The organization raised money by selling memberships for $5 for a family. Funding also came from the Ontario Ministry of the Environment through an Environmental Youth Corps program.

Rails to Trails spent over a year conferring with the councils of cities, towns and townships (Fergus, Elora, Orton, Belwood, Erin, Hillsburgh and Cataract), as well as with Wellington, Dufferin and Peel counties and the Ministry of Natural Resources to promote the idea of the Elora-Cataract Trailway.

The project initially was intended to include a second trail running from Elora to Guelph along another decommissioned Canadian National Railway line, but that part of the plan was rejected. Nonetheless, money from Guelph helped to purchase trailway land.

At the Rails to Trails annual general meeting in 1991, a committee was formed to raise public awareness and support for the project and arrange the purchase of the section of property between Elora and Fergus. There were numerous problems to solve. People who owned property adjacent to the proposed trailway had concerns about such things as noise, trash, vandalism, liability, privacy, and the effect on property values.

They had to be convinced the trailway would be clean, well-managed and effectively supervised.

The original plan had banned all motorized vehicles from the trailway, but modifications were made to allow responsible snowmobile organizations to use the part of the route between Fergus and Erin. Horseback riding would be permitted on the section between Fergus and Cataract.

After eight years of planning, organizing and hard work, an official opening celebration was held on May 26, 1996, at Hampton Barn in Belwood Lake Conservation Area.

There was still work to be done. Gates had to be erected at access points, and directional and regulation signage installed. Information kiosks would be installed at Elora, Fergus, Orton and Lake Belwood. The trail would be resurfaced with stone dust, and guard rails installed where necessary. There would also be parking lots,
bridges, safety features on the Shand Dam, and a new loop on the Elora-Fergus section.

In 1999, the Elora Cataract Trailway officially became part of the Trans Canada Trail System, linking up with the Caledon Trail at the village of Inglewood.
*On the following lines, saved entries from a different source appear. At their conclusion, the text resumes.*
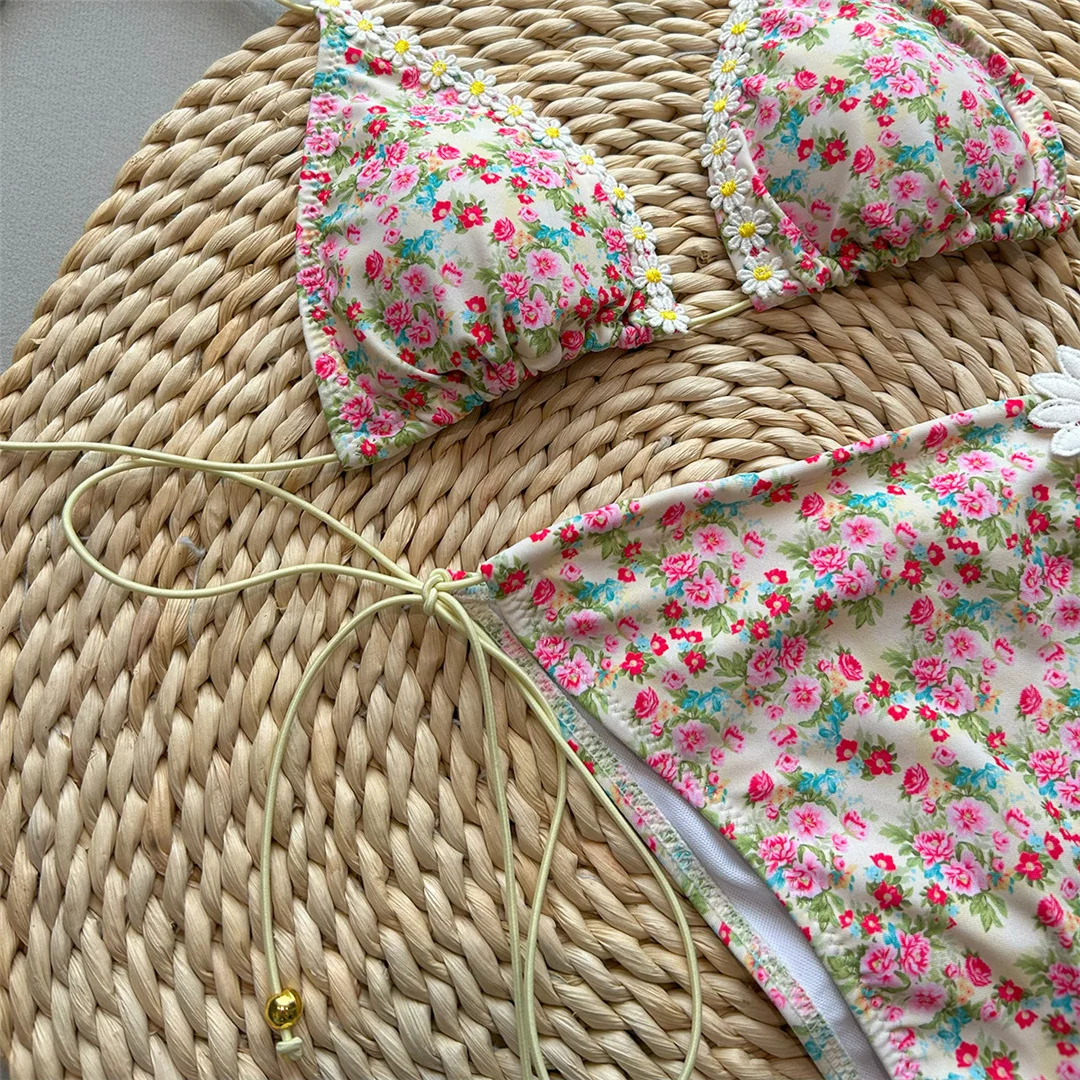 Flower Printed Floral Bikini Women Swimwear Female Swimsuit Two-pieces Bikini set Scrunch Butt Bather Bathing Suit Swim V6888
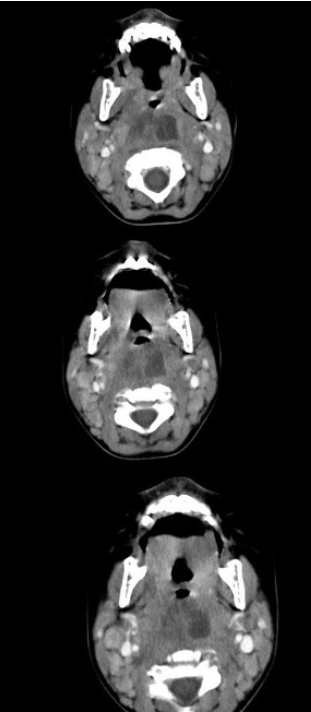 [多选题] 10个月大的婴儿,发热,曾患中耳炎,CT扫描如图所示,请选择正确的描述或诊断()A .咽后壁软组织肿胀B .其内密度不均C .颈椎骨质未见明显异常D .考虑为咽后壁脓肿E .考虑为咽后壁寒性脓肿
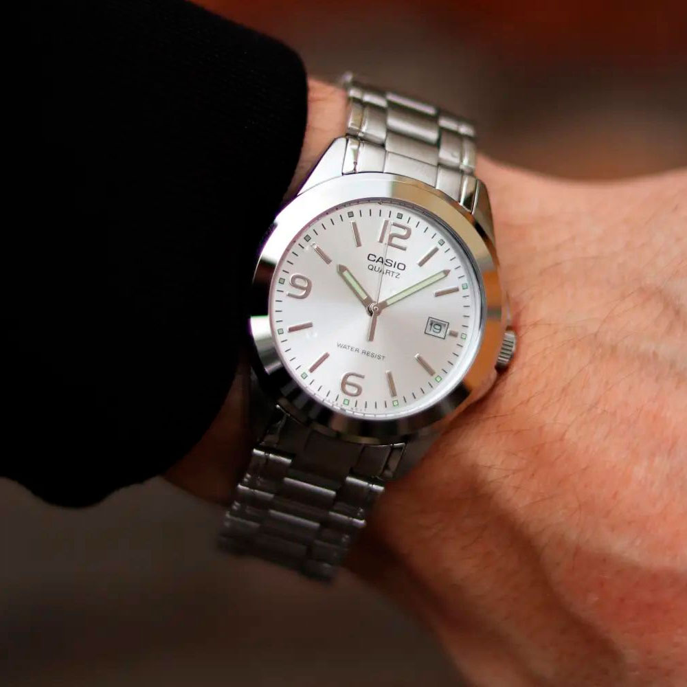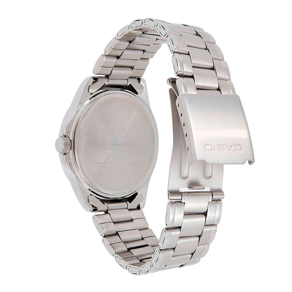 Сдержанные часы от Casio будут идеальным аксессуаром, дополняющим ваш повседневный образ. Standard. Мужские часы с круглым корпусом. Циферблат с метками в виде штрихов и арабских цифр выполнен по технологии Sunray (солнечные лучи). Окошко даты находится в положении 3 часа. Заводная головка с защитой. Браслет с тройной раскладывающейся застежкой.

For more than 30 years the trailway has taken local residents and visitors into some of the most beautiful the rolling countryside in Southern Ontario.

It is accessible all year, but is especially inviting during the warm days of summer.

Whether you are hiking or biking, remember that your journey is taking you down a line where the air was once filled with the rattle of steel wheels on rails and the blast of the locomotive’s whistle in the golden age of railroading.